The second in the series of lectures organised by the Philosophy department this evening this time turning attention on ethical issues surrounding the creation of artificial intelligence. It was given by Murray Shanahan who is a Professor for Cognitive Robotics at Imperial College.
Murray's contention is that within the next few decades the technology will have advanced enough for us to accurately create a computer programme that can accurately reproduce the 4 million or so neurons that go up to make a mouse's brain. In effect, we could one by one replace those neurons in the brain with artificial electrical charges, the culminative effect of which would be to create a new brain. If we were to do this would the mouse still be a 'real' mouse?
At what point, as we develop these 'new' brains do we say it's immoral to 'test' or 'destroy' them. If we're capable of introducing the concept, or more realistically the sensation, of suffering or pain into an artificial intelligence then will we still have the right to control or dismantle it?
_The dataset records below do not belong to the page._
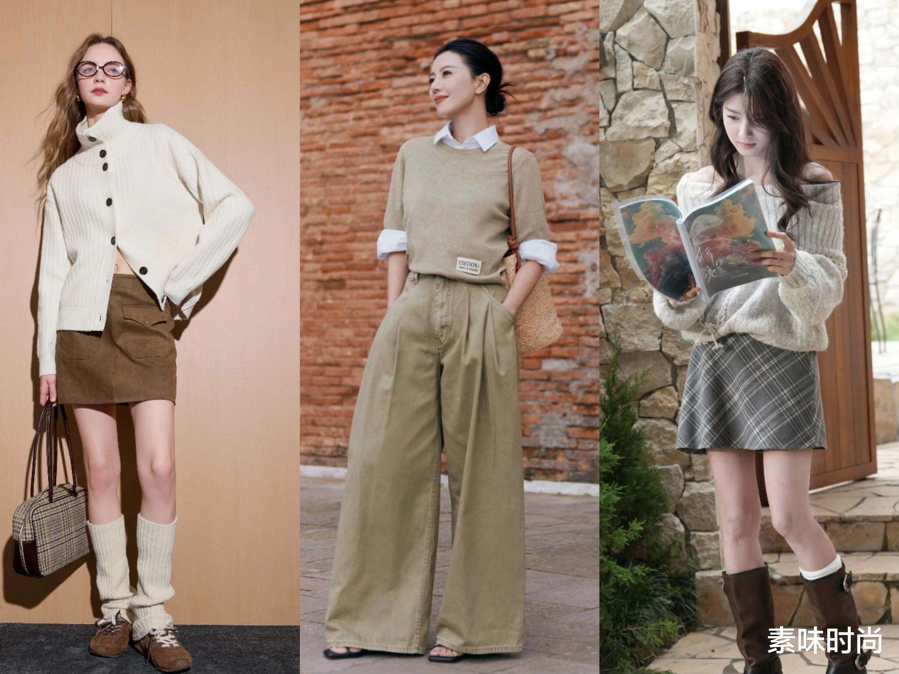 基础色(燕麦/黑/白)万能不出错,想吸睛可试“低饱和撞色”(如浅蓝毛衣+浅黄半裙),避免大面积亮色显厚重。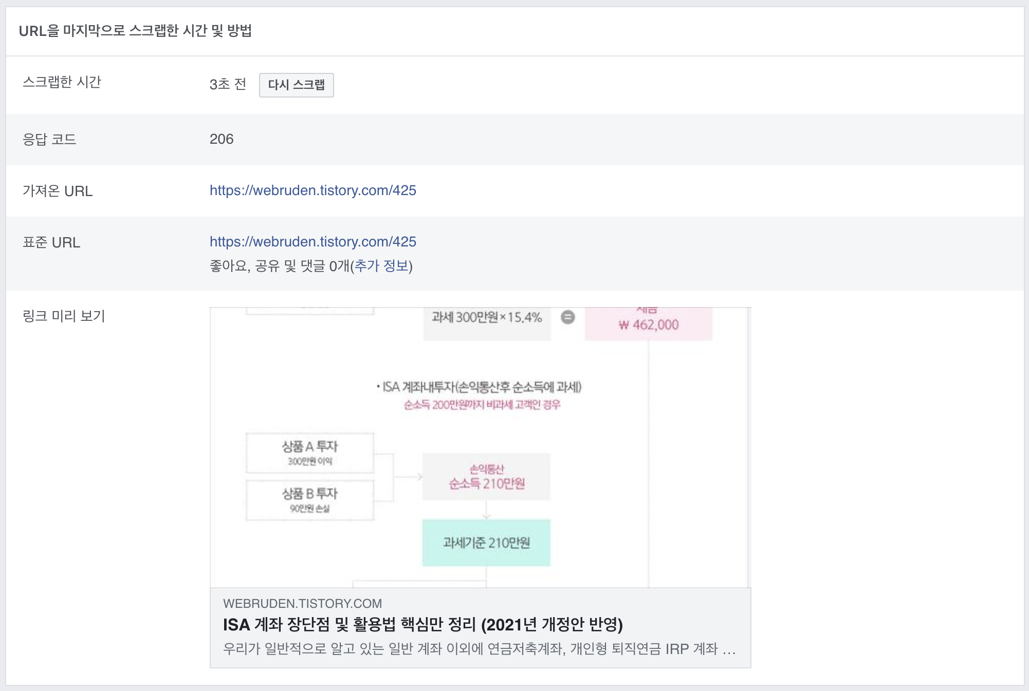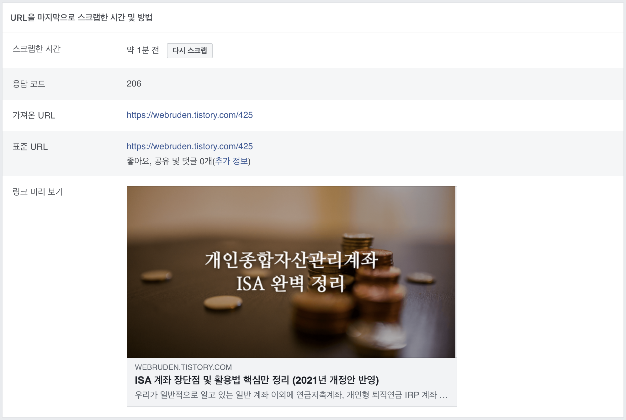 스크랩한 시간 목록 옆에 다시 스크랩 버튼이 있는데 다시 스크랩 버튼을 누르게 되면 페이스북은 해당 URL 콘텐츠를 다시 스크랩을 하고 변경된 데이터를 페이스북 서버에 캐시처리를 합니다. 링크 미리 보기를 통해 변경사항을 바로 확인할 수 있습니다.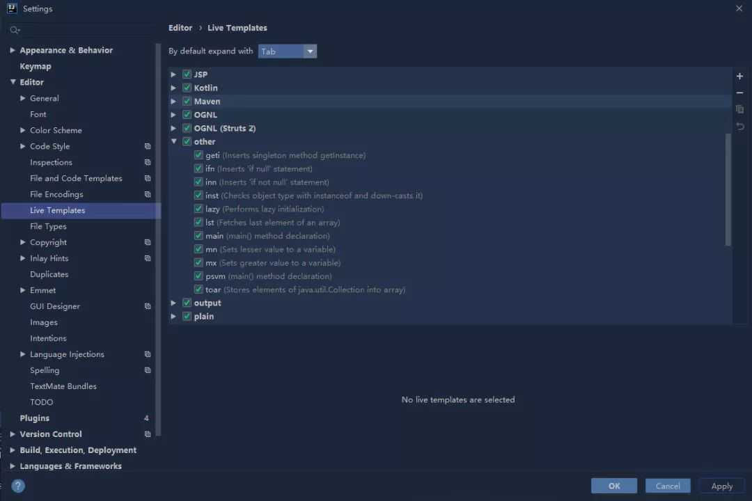 Editor—LiveTemplates查看或自定义模板(可以添加方式注释、类注释)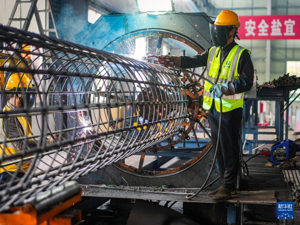 10月1日,工人在位于江苏省兴化市陈堡镇的中铁上海工程局盐宜铁路项目部钢筋加工场进行焊接作业。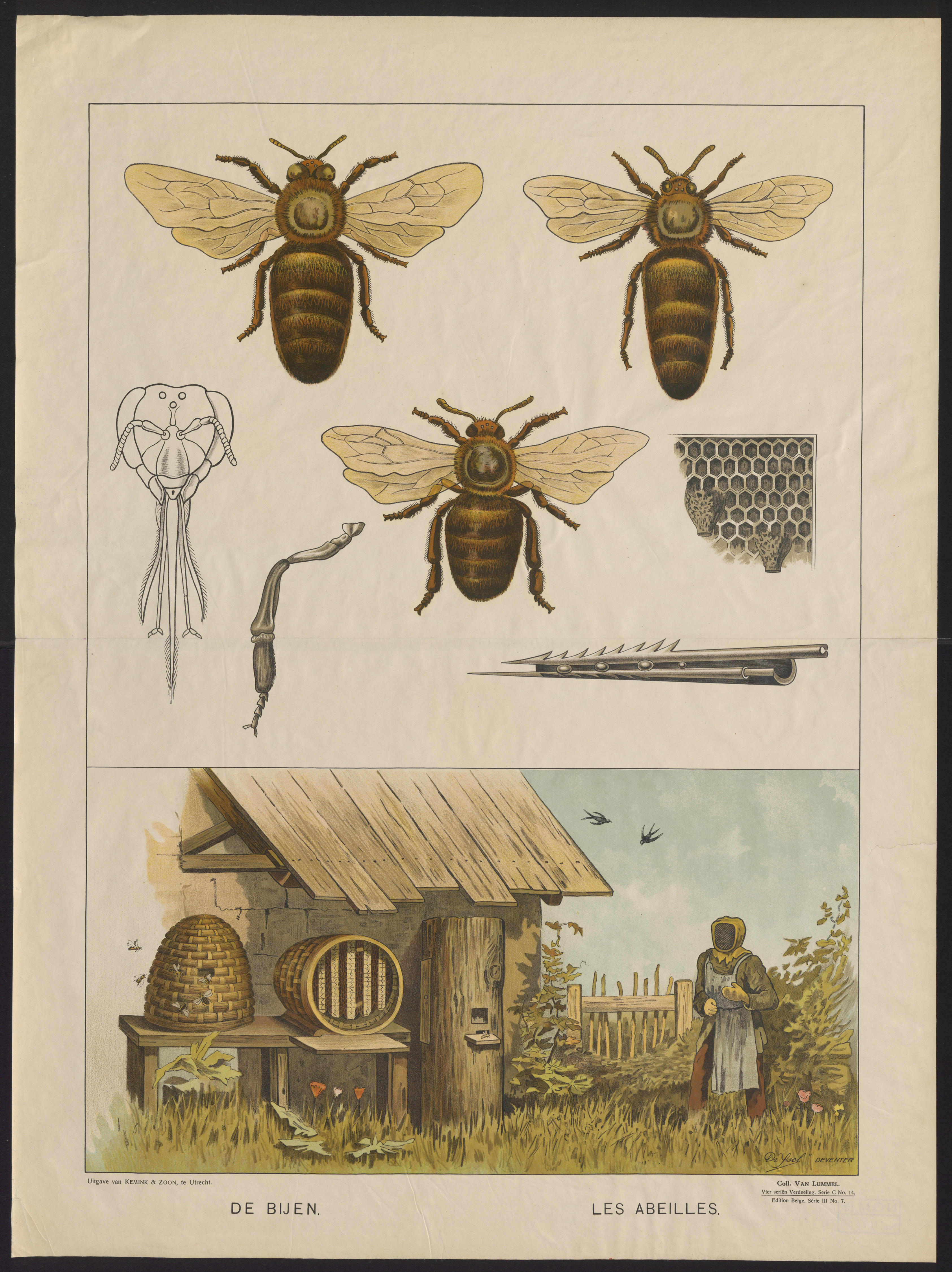 Onderwijsprent met verschillende afbeeldingen die te maken hebben met bijenhouden, gedrukt in lithografie. Tweetalige platen voor de Belgische markt werden na 1900 door de Utrechtse uitgever Kemink & Zoon op de markt gebracht.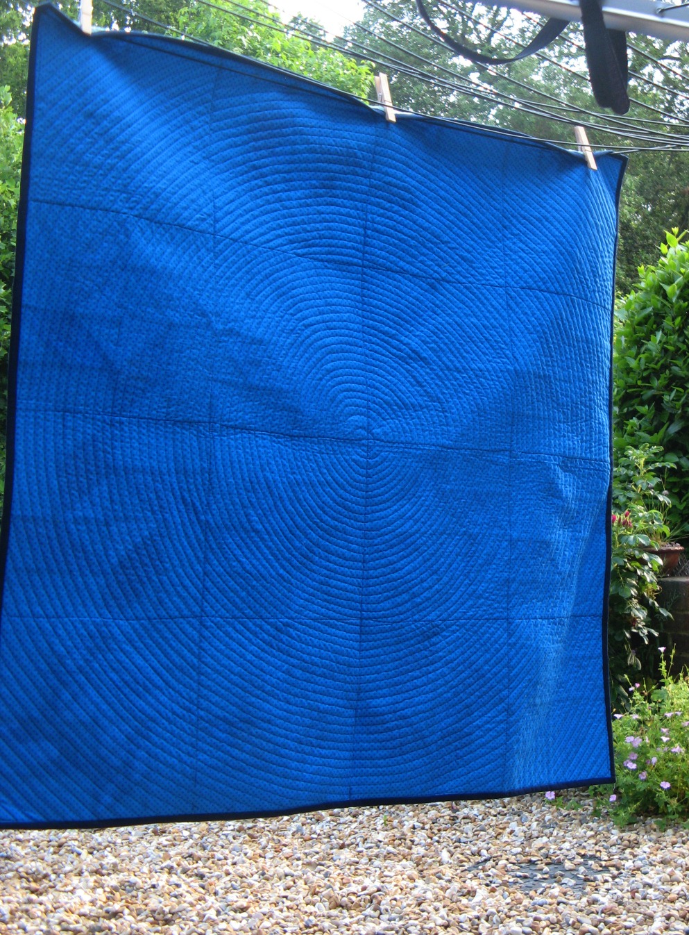 I quilted in the ditch along the seamlines between the blocks (see photo of back of quilt) to stabilise the layers. I find this helps to prevent the quilt sandwich from shifting or stretching when quilting on the bias as you do going round in circles.
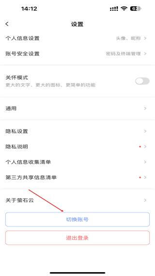 3、在设置页面中,点击最下方切换账号的功能选项。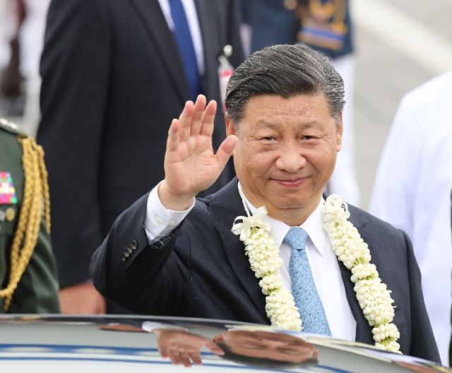 當?shù)貢r間近午時,習近平步出專機艙門,菲律賓政府高級官員在舷梯旁熱情迎接,軍樂隊奏迎賓曲。習主席代表中國政府和中國人民向菲律賓政府和人民致以誠摯問候和良好祝愿。
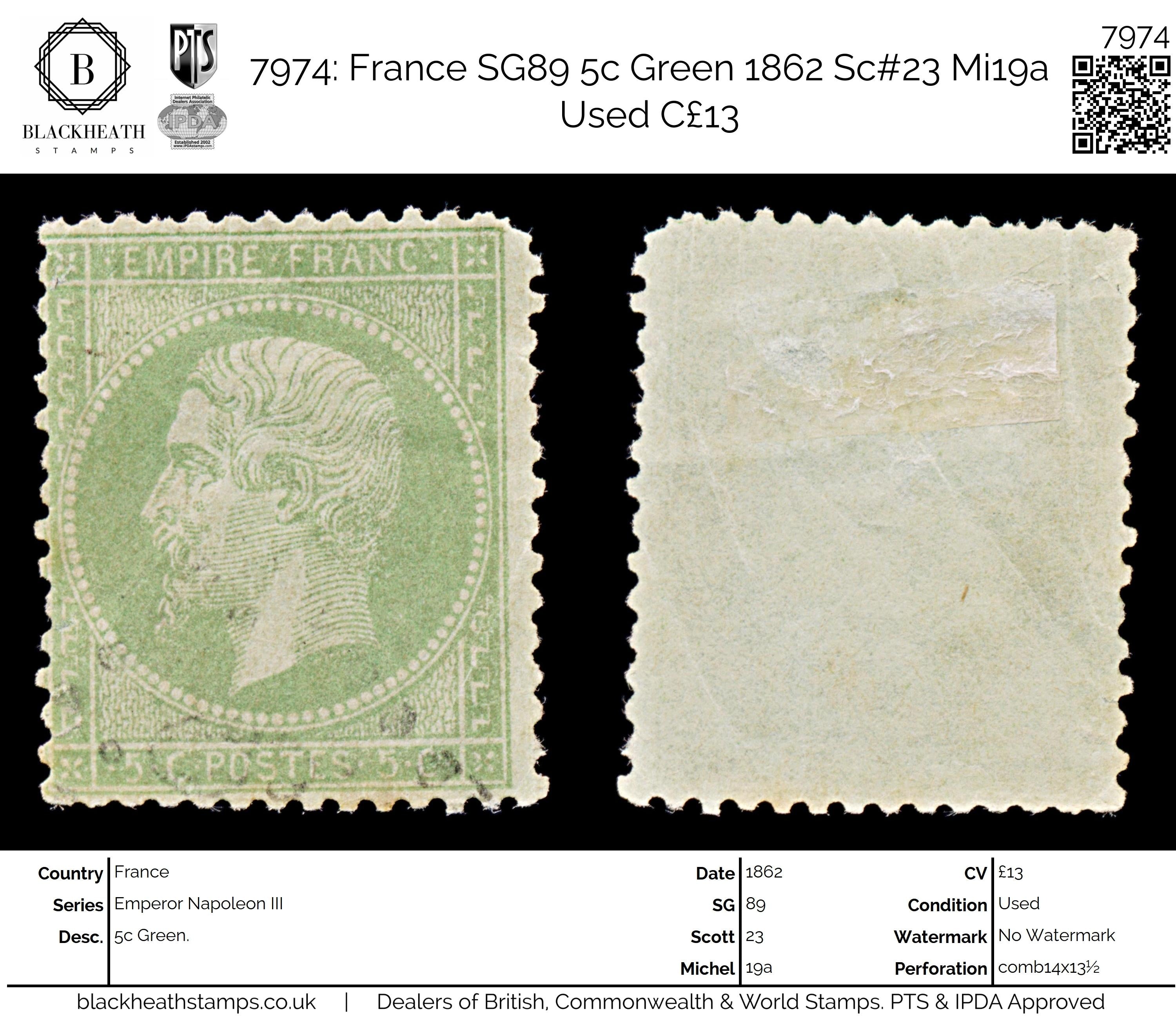 7974: France SG89 5c Green 1862 Sc#23 Mi19a Uséd C£13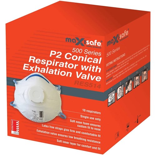 Maxisafe P2V Conical Respirator White Box of 10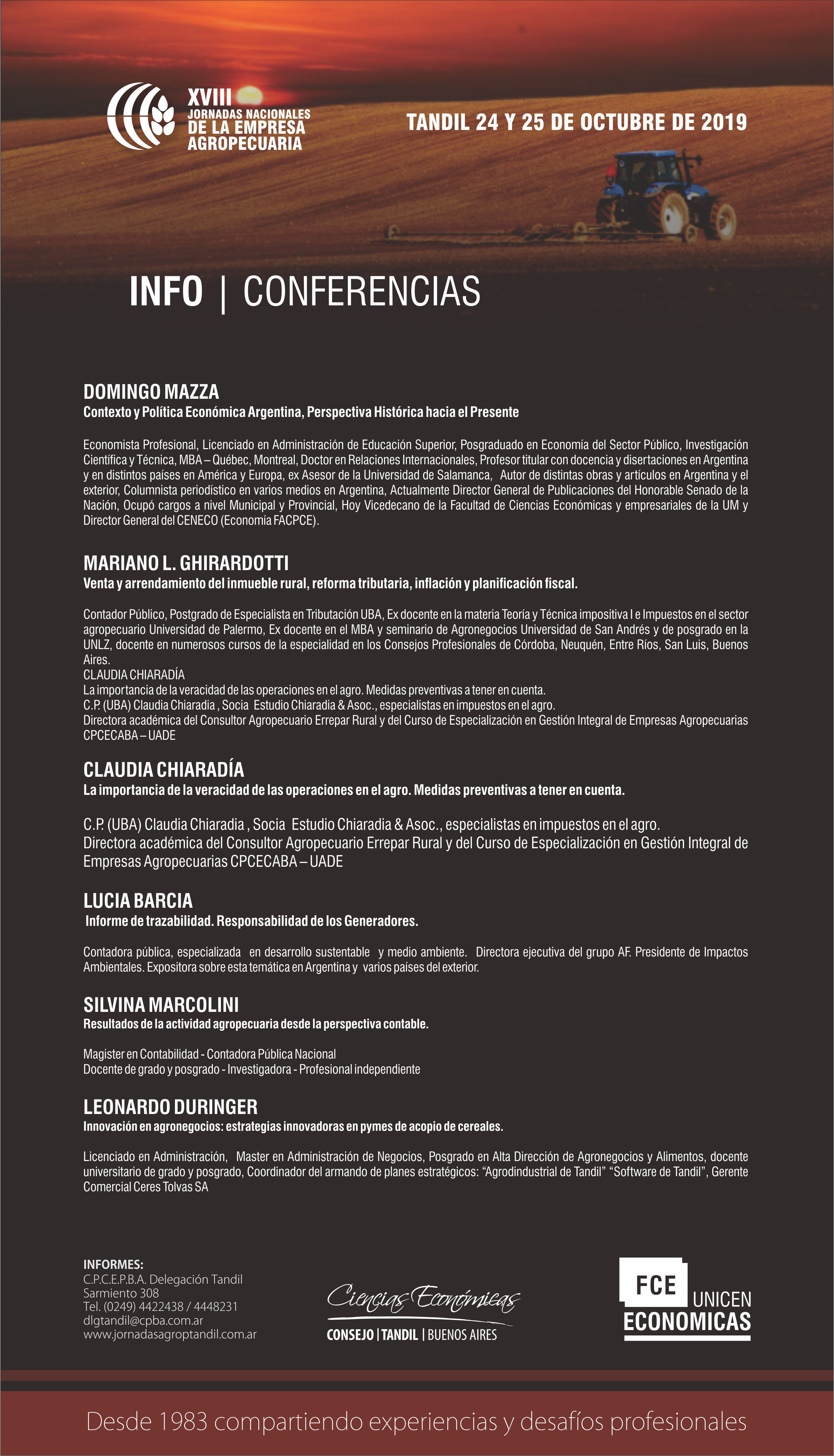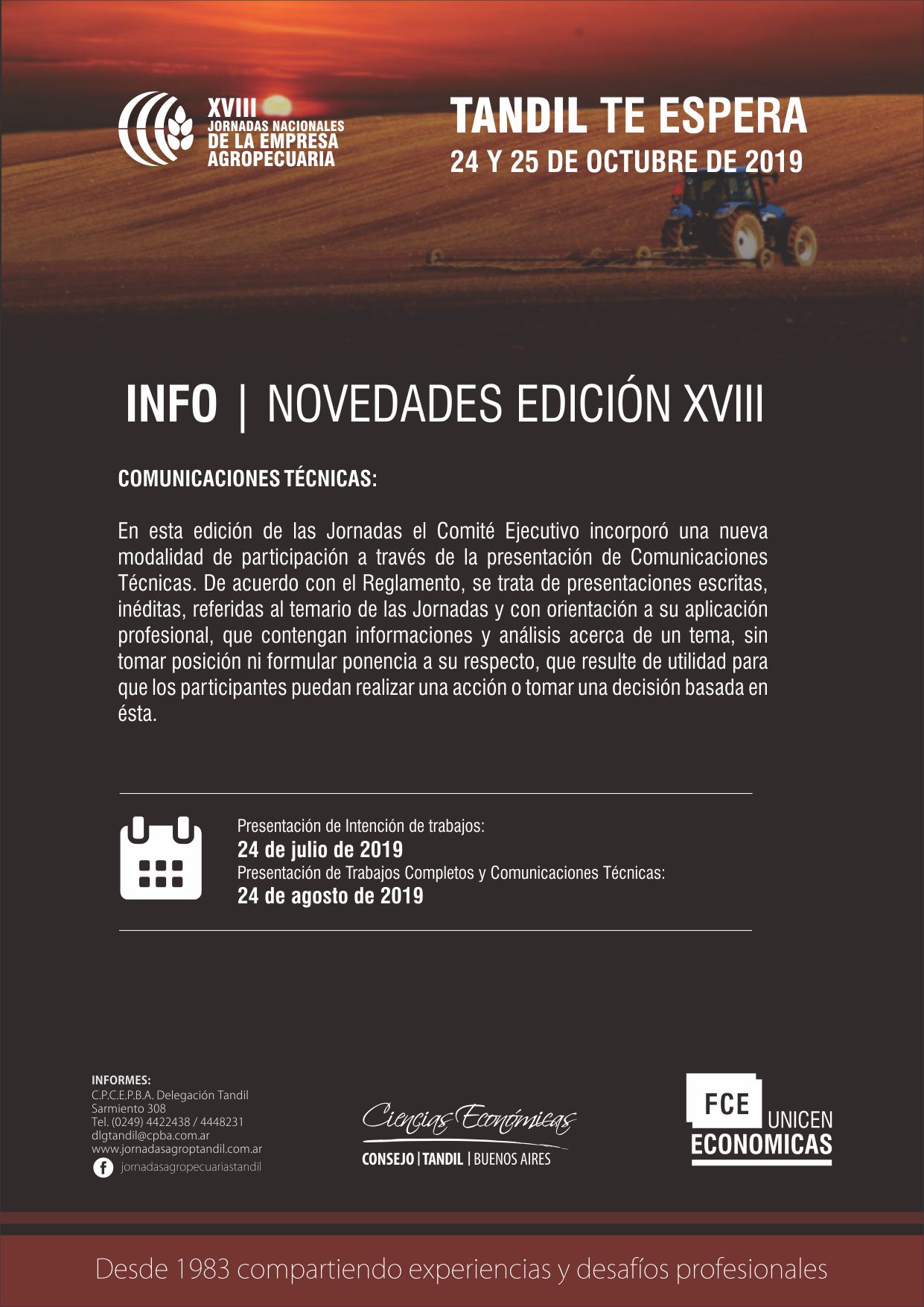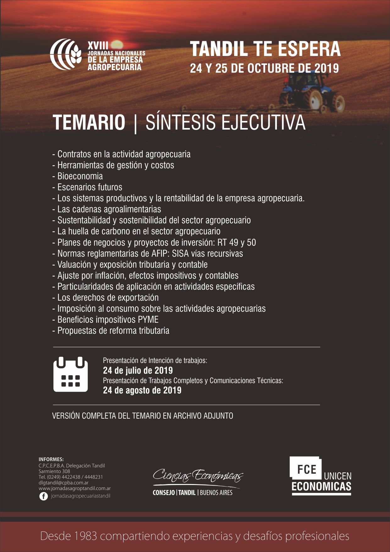 La Delegación Tandil invita a participar de las XVIII Jornadas Nacionales de la Empresa Agropecuaria que se desarrollarán el 24 y 25 de octubre en el Teatro del Fuerte, Independencia 360, Tandil.

It seemed appropriate to having this Frankenstein-esque debate in the Waldegrave Drawing room, with Walpole's house, a major aesthetic influence for the early Gothic writers, visible through the window. Darkness fell as we began to contemplate a world where scientists had computer designed an intelligence with enough plasticity in it to be able to grow and learn beyond our control. The romantic imaginations of the eighteenth century are beginning to find a tangible shape.